→ **PROBLEM REQUIREMENTS**
Beginning with the first line below, retype exactly each line through the one containing "RealRock® е проектиран". Leave out all pictures.

→ **DATA SHOWN**
═══

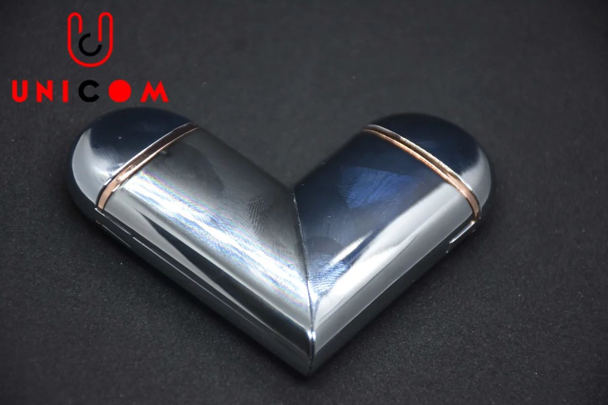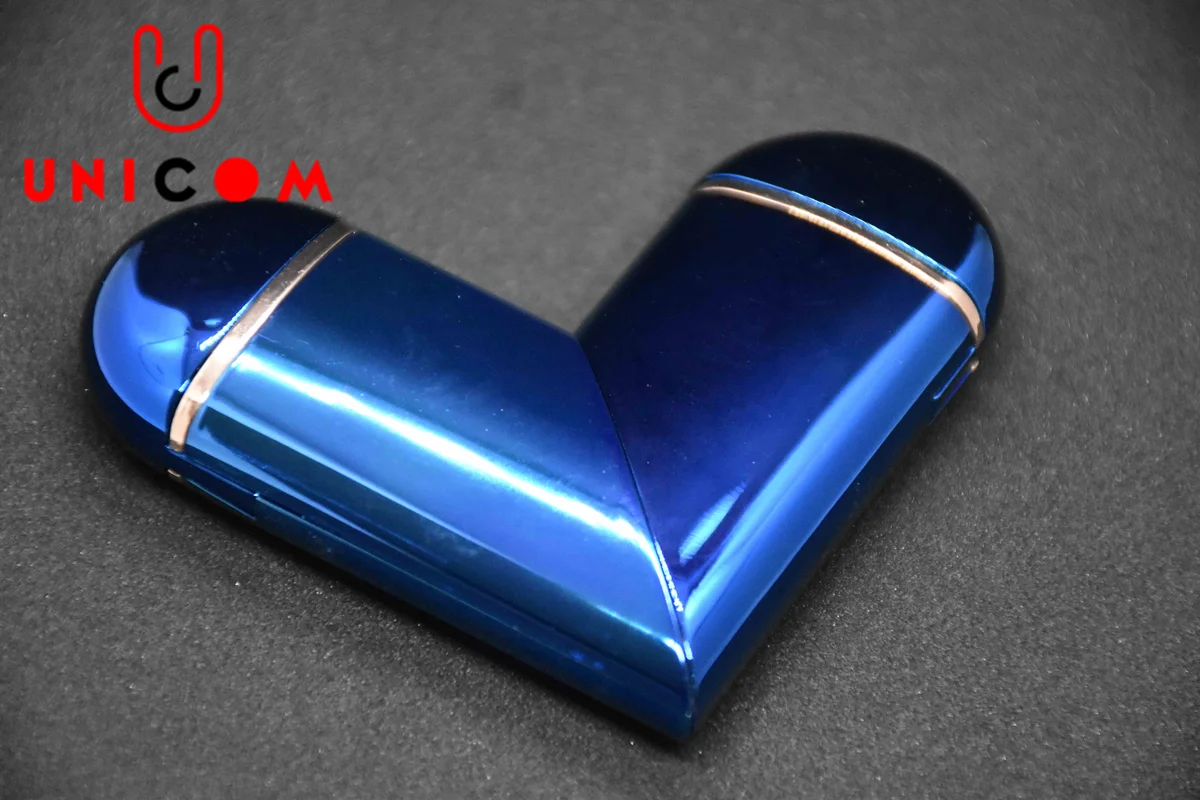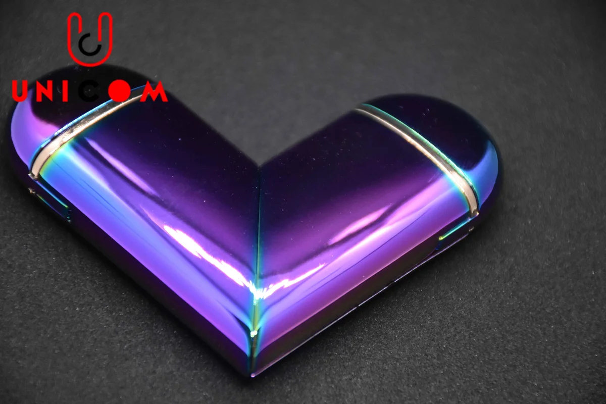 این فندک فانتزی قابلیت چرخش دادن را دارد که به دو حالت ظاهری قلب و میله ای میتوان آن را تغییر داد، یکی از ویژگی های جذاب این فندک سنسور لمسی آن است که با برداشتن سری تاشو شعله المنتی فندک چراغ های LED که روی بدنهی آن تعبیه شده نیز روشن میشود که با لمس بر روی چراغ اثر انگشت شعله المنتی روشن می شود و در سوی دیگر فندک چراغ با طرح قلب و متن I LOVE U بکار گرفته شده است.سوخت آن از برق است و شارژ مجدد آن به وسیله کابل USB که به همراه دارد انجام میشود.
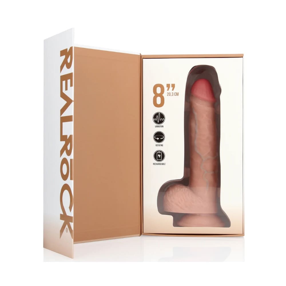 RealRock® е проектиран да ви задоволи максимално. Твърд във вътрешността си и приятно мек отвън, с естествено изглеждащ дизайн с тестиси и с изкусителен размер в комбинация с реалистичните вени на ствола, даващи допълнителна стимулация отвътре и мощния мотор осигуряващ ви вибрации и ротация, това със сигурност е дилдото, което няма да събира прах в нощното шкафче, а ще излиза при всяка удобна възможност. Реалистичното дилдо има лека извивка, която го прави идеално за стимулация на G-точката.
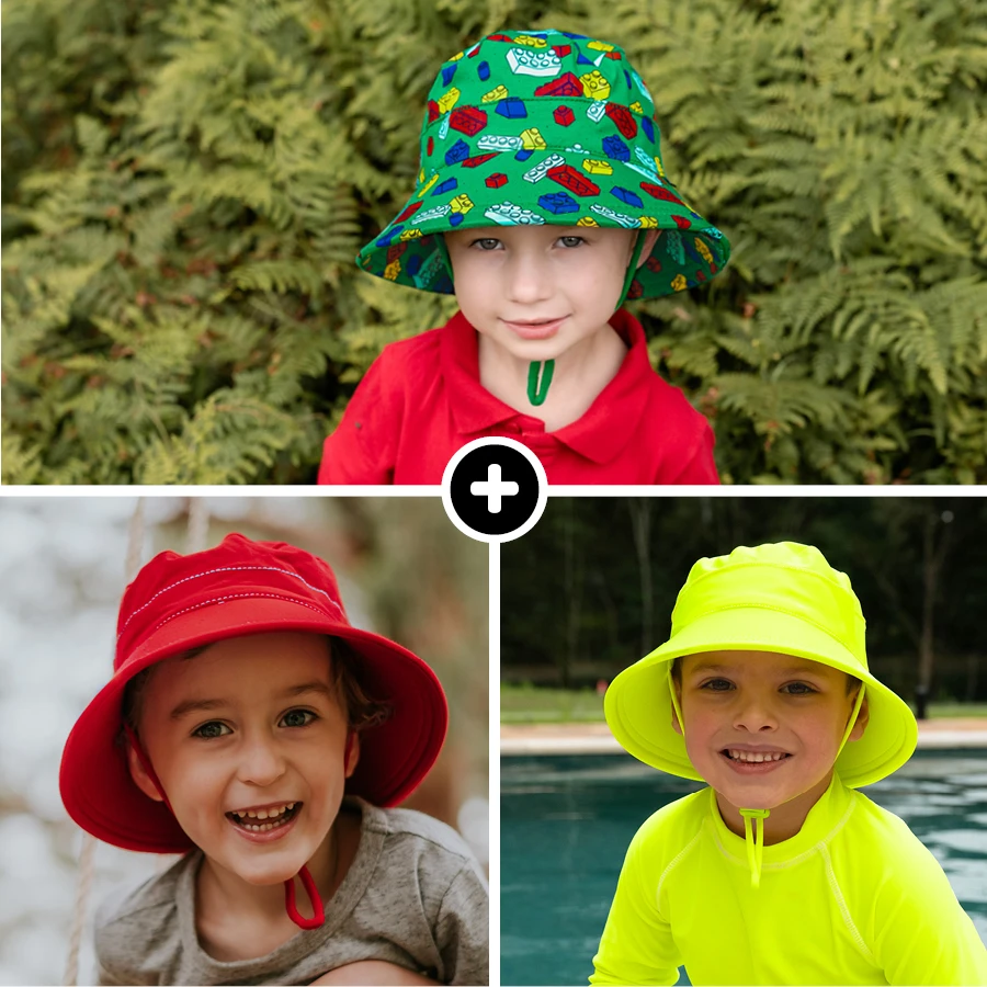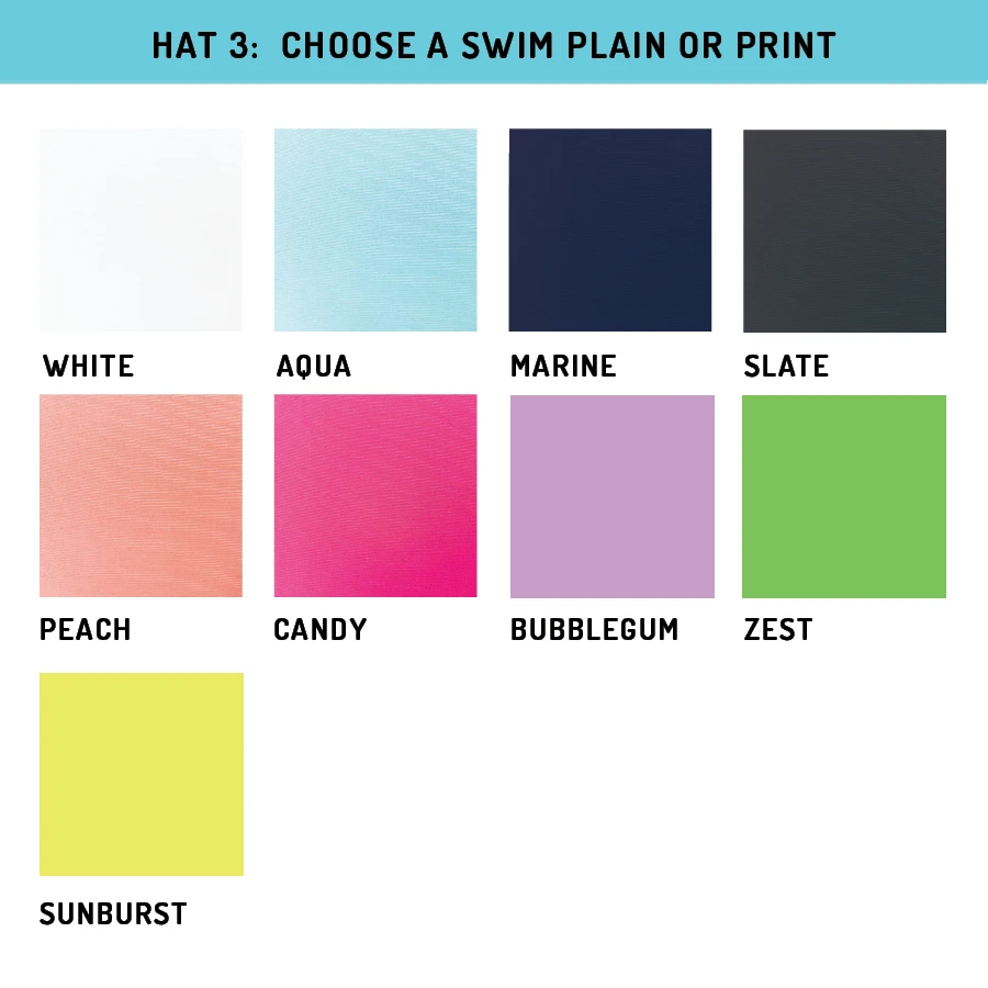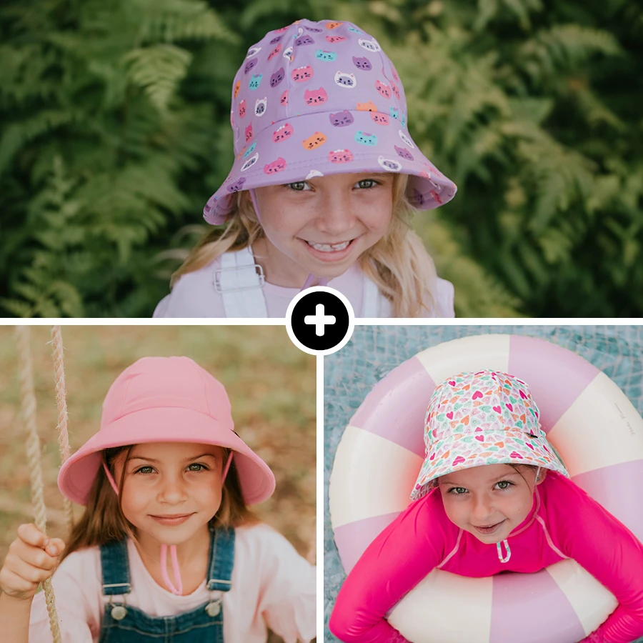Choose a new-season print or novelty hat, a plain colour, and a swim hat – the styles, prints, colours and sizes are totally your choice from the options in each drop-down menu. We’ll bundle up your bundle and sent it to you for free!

═══

→ **RESULT OF THE TASK**
 این فندک فانتزی قابلیت چرخش دادن را دارد که به دو حالت ظاهری قلب و میله ای میتوان آن را تغییر داد، یکی از ویژگی های جذاب این فندک سنسور لمسی آن است که با برداشتن سری تاشو شعله المنتی فندک چراغ های LED که روی بدنهی آن تعبیه شده نیز روشن میشود که با لمس بر روی چراغ اثر انگشت شعله المنتی روشن می شود و در سوی دیگر فندک چراغ با طرح قلب و متن I LOVE U بکار گرفته شده است.سوخت آن از برق است و شارژ مجدد آن به وسیله کابل USB که به همراه دارد انجام میشود.
 RealRock® е проектиран да ви задоволи максимално. Твърд във вътрешността си и приятно мек отвън, с естествено изглеждащ дизайн с тестиси и с изкусителен размер в комбинация с реалистичните вени на ствола, даващи допълнителна стимулация отвътре и мощния мотор осигуряващ ви вибрации и ротация, това със сигурност е дилдото, което няма да събира прах в нощното шкафче, а ще излиза при всяка удобна възможност. Реалистичното дилдо има лека извивка, която го прави идеално за стимулация на G-точката.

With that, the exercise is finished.